The attorneys then contact the homeowner and explain that if they don’t make payment, they will receive a Notice of Default. Many homeowners mistakenly believe that receiving a Notice of Default means they have already lost their house.
Not quite.
Only when homeowners receive a Notice of Trustee Sale does the lending institution and the lawyers prepare to auction off the property, and the homeowner’s dispossession becomes imminent.

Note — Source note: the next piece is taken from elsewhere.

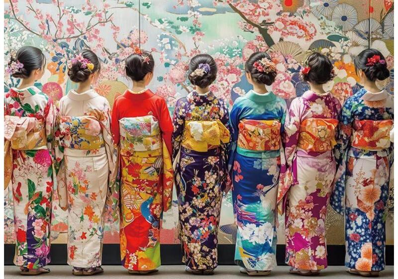 Hagyományos japán kimonót viselő gésák kelnek életre a Bboldin PT-403 - Elegant Kimono - 1000 db-os puzzle darabjain. Az élénk színek és minták igazán izgalmas vizuális élményt nyújtanak.

Some things to keep in mind when investing in the real estate market, particularly foreclosures:
- Banks don’t want foreclosed properties on their books and would rather sell them to interested parties;
- Real estate experts say the best profits are made before and after a foreclosure, not during the auction or bidding process;
- When contacting homeowners who have received a Notice of Default, diplomacy is crucial. Remember, you’re dealing with a very nervous homeowner who is terrified of losing their most valuable asset. Your negotiating skills will be most effective if they’re tempered with diplomacy and compassion.
We haven’t covered everything you need to know about foreclosures. If you’re serious about investing in the real estate market, you should make an effort to join a real estate club or attend seminars. The more you read about foreclosures, the better, because in this business, you’ll need more knowledge, not less. As some say, “A little knowledge is a dangerous thing.”
Intrigued by Notes?
Notes are another way of investing in the real estate market. Not many people delve into notes because they aren’t fully understood by everyone.

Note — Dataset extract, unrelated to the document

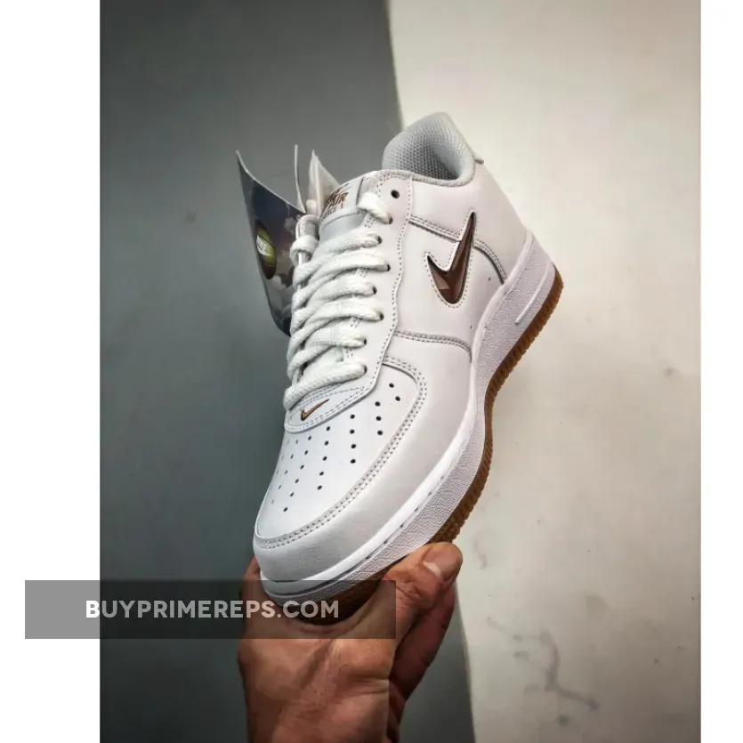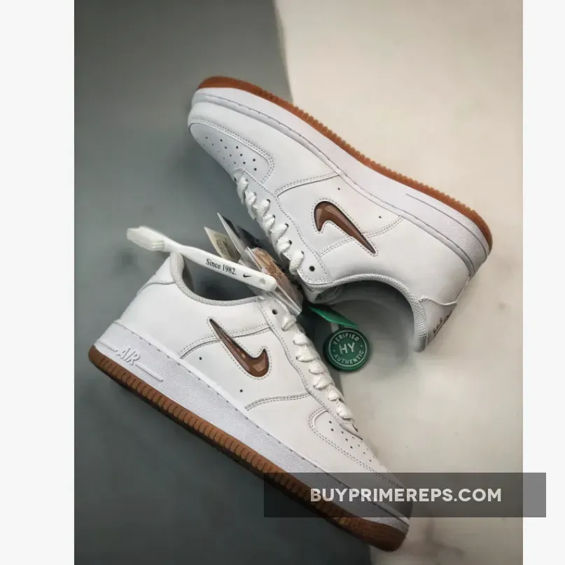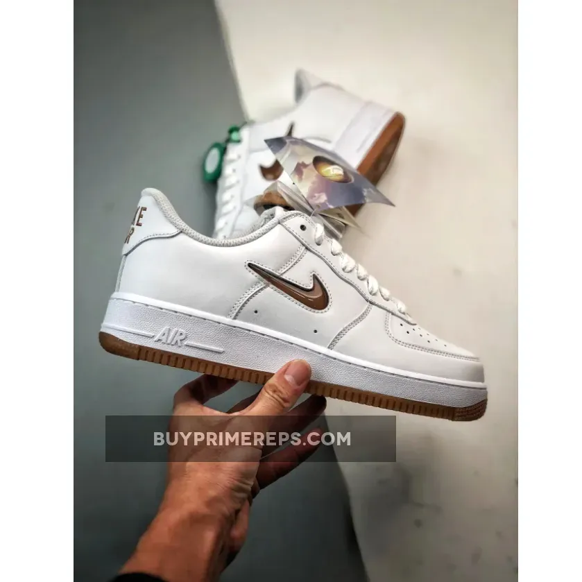 The Nike Air Force 1 Color of the Month “White Gum” features an all-white smooth leather upper that exudes a timeless elegance. From the upper to the tongues and mesh sock liners, every detail has been treated with a pristine white finish. The standout feature of this shoe is undoubtedly the jeweled Swooshes adorning the side panels. These Swooshes showcase a tan-hued gum underlay, adding a touch of sophistication and uniqueness to the design. The tan color is also repeated on the mini Swooshes at the toe area, the tongue branding, and the embroidered Nike text on the heel tabs.

A real estate note is a document (some call it a “contract”) entered into by two parties that stipulates a promise to pay after a specified period of time. These parties are usually the seller and buyer of a property.

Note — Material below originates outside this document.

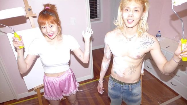 현아는 편안한 차림으로 페인트칠을 돕고 있다. 두 사람은 페인트칠을 하면서도 애정 행각을 멈추지 않았다.

When you hear the terms trust deed, debt instrument, discounted mortgages, or cash flow, these refer to real estate notes. Notes are financial instruments that encompass mortgages, deeds, tax lien certificates, leases, credit card charge-offs, and more. This isn’t a complete list, but suffice it to say that notes are negotiated across various industries. The key things to remember are the “promise to pay” and the “specified agreed-upon time.”
Anyone—whether you or I—can buy notes either to add to our personal portfolios or sell them on the market. To maximize your investment, real estate advisor Robert Allen encourages investors to hold “healthy” notes. By “healthy,” he means notes that don’t require collateral, carry an attractive rate of interest, have terms agreeable to both parties, and require little or no monthly payments.
Investing in the Real Estate Market: A Few Rules
Those who have dabbled in real estate investing and tasted success often become overconfident, ignoring the perils involved. It’s especially hard to warn people of these dangers when there’s a real estate boom and investments are at fever pitch.
Like any industry, however, real estate is subject to market whims and the basic principles of supply and demand. The state of the economy and the job market also directly affect real estate (when people lose their jobs, they can’t afford mortgage payments).
- Know the cardinal rules and educate yourself through literature, networking, seminars, and by mastering the vocabulary of real estate. Some of these rules include:
- Patience. Real estate is both an art and a science and must not be taken lightly. You may hear about quick returns achieved by some investors, but these are usually the result of years of study and keeping an ear to the ground, regardless of market cycles;
- Negotiating skills. Ask real estate gurus about negotiation rules—there are plenty of them. Mastering and applying each rule is crucial. You want to gain the upper hand in any transaction;
- A genuine liking for people. Building a solid networking circle is key;
- Hard work. Real estate is not a 9-to-5 job. It’s 24/7, and you’ll often have to forgo happy hour with friends in favor of pounding the pavement;
- Master the lingo. Know not just real estate, but also banking, taxation, and legal terms;
- Know when to walk away from a bad deal.